Schiltz earlier this week ordered ICE’s acting director to personally appear in his courtroom Friday after the agency failed to obey an order to release an Ecuadorian man from detention in Texas. The judge canceled the order after the agency freed the man.
The judge, who was appointed by President George W. Bush, warned ICE that future noncompliance may result in future orders requiring the personal appearances of Acting Director Todd Lyons or other government officials.
ICE didn’t immediately respond to an email seeking comment.
Veteran visits sidewalk memorial
Elsewhere on Wednesday, Donnie McMillan placed a cardboard sign reading “In remembrance of my angel” at the makeshift memorial where Alex Pretti was shot.
The Vietnam veteran knelt to pay his respects and saluted to honor the nurse whom he said he remembered seeing during his frequent visits to the Veterans Affairs hospital where Pretti worked.
“I feel like I’ve lost an angel right here,” McMillan, 71, said, pointing to the growing sidewalk memorial covered in flowers, candles and signs. “This is not the way we should operate.”
Also Wednesday, the Department of Homeland Security said two federal agents involved in Pretti’s death have been on leave since Saturday, when the shooting happened.

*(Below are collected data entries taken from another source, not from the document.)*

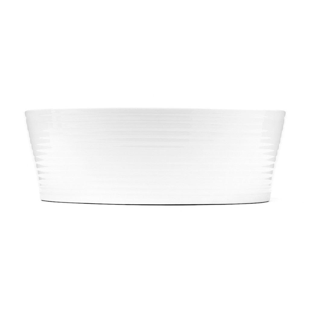 Dotaz na produkt Na splátky ještě dnesUmyvadlo na desku o průměru 40 cm z tenké keramiky. Okraje umyvadla jsou zdobeny lehkými vlnkami. Ideální pro kombinaci s vysokou umyvadlovou baterií nebo nástěnnou umyvadlovou baterií.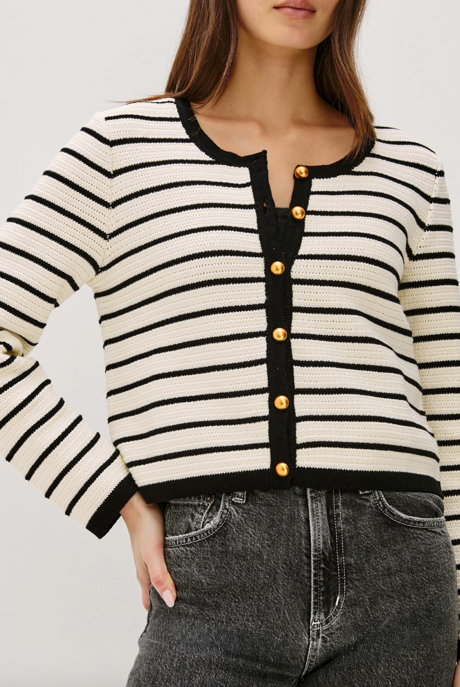 The Catania is a cotton cardigan with a boxy, cropped fit. It showcases contrast details at the sleeves and neckline, along with distinctive hardware buttons.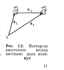 Нехай система з N однакових атомів займає об'єм V. Виберемо в ньому два елементи об'єму dV1 і dV2 що фіксуються векторами R1 і R2 проведеними з деякої точки (мал. 1.2).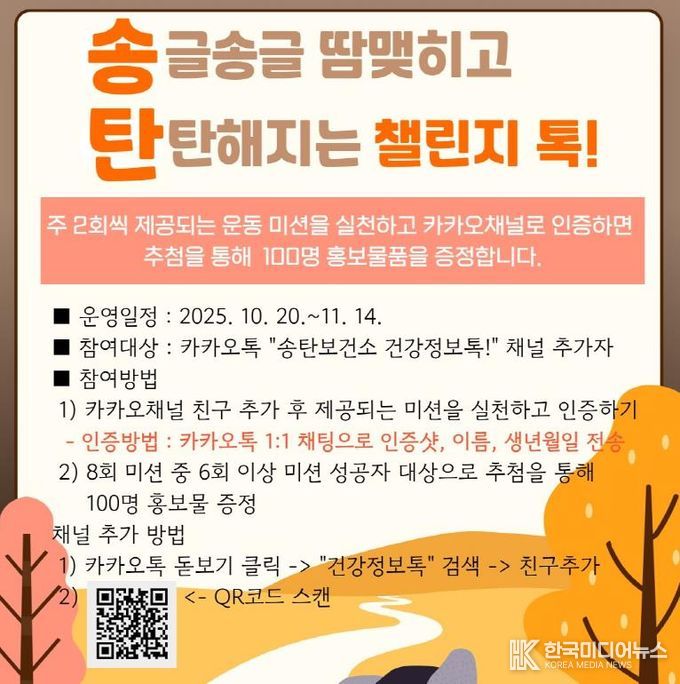 [ 한국미디어뉴스 이보영 기자 ] 평택시 송탄보건소는 10월 20일부터 11월 14일까지 카카오톡을 활용한 ‘(송)글송글 땀 맺히고 (탄)탄해지는 챌린지 톡!’을 운영할 예정이라고 밝혔다.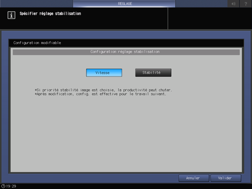 Sélectionnez la vitesse de sortie ou la stabilité de la qualité comme priorité de la tâche.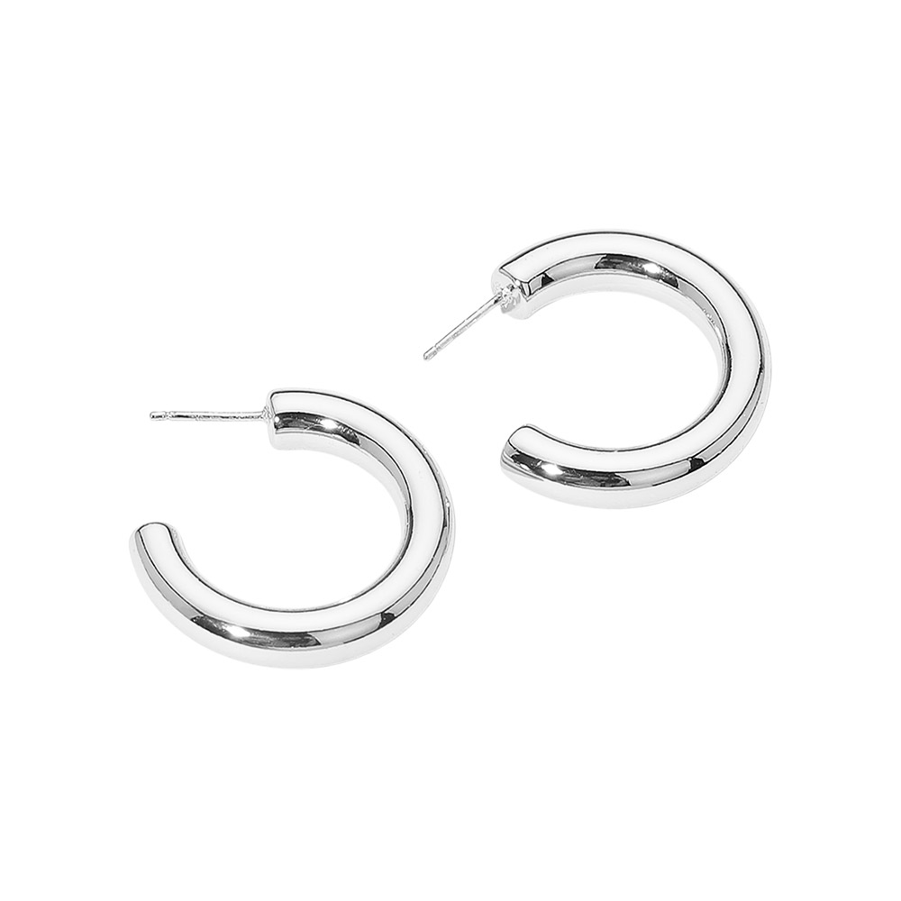 White Gold Dipped Small Chunky Open Hoop Earrings

US Rep. Ilhan Omar, a Democrat, spoke to journalists one day after a man attacked her during a town hall meeting by squirting a strong-smelling substance on her as she denounced the Trump administration.
“What is unfolding in our state is not accidental. It is part of a coordinated effort to target Black and brown, immigrant and Muslim communities through fear, racial profiling and intimidation,” Omar said. “This administration’s immigration agenda is not about law enforcement — it is about making people feel they do not belong.”